Garikai/Hlalani Kuhle failure

garikaiHARARE - President Robert Mugabe's government only built housing units for a paltry US$4000 under its much touted Operation Garikai/Hlalani Kuhle between 2005 and to date. (Pictured: Children play amongst the ruins of their homes)

Parliament heard that the housing units built were insufficient to service the needs of the thousands who were left homeless after government’s brutal Operation Murambatsvina.

More than 700,000 people were left stranded after houses and shacks were bulldozed, while informal traders’ stalls were demolished and their goods confiscated, leaving them without a livelihood.
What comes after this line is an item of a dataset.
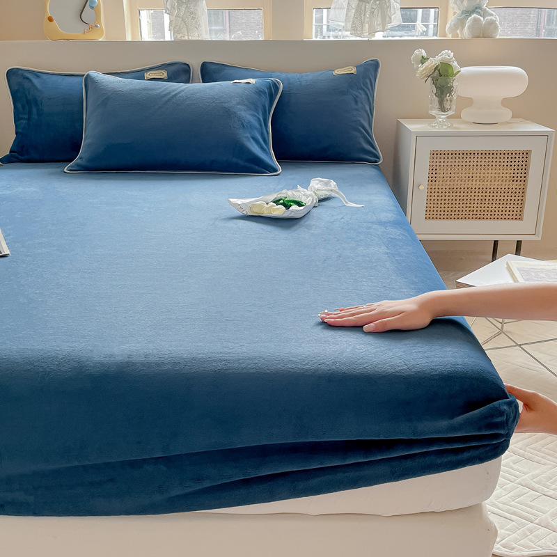 Edge wrapped bed sheet - Indigo [A-class quality thickened and warm]
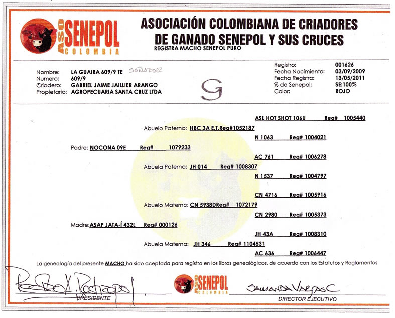 PADRE: NOCONA 09E MADRE: ASAP JATA-I 432L RAZA: SENEPOL

National Housing and Social Amenities minister Fidelis Mhashu told Parliament this week that there was an audit of the requirements of houses that were demolished.

“We came up with a figure of 7 487 housing units required and out of that list of houses required, the ministry was able to come up with housing units built to the tune of US$4 205,” Mhashu said.

Five weeks after Operation Murambatsvina, the government launched Operation Garikai/Hlalani Kuhle, said to be a programme to build houses for the victims of their “slum clearance” operation. Amnesty International, the global human rights advocacy organisation, warned back then that the operation was not a solution to the government-inspired destruction of houses, as it did not assist the victims of Operation Murambatsvina.

The few houses that were built were reportedly given to civil servants, police and soldiers. Amnesty said Operation Garikai/Hlalani Kuhle was a wholly inadequate response to the abuses committed against the victims of Operation Murambatsvina. There have been no other significant government programmes to assist the hundreds of thousands of victims of Murambatsvina.

United Nations Special Envoy Anna Tibaijuka visited Zimbabwe in the wake of Murambatsvina and said the operation had breached both national and international human rights law.

General Constantine Chiwenga, chief of Zimbabwe’s defence forces, and Augustine Chihuri, chief of police, were directly involved in the planning and execution of the operation.

Chihuri reportedly said the operation was to “clean the country of the crawling mass of maggots bent on destroying the economy”. International legal experts view Operation Murambatsvina as a gross violation of human rights and, should Zimbabwe become a signatory to the Rome Treaty, suggest the perpetrators could be tried by the International Criminal Court.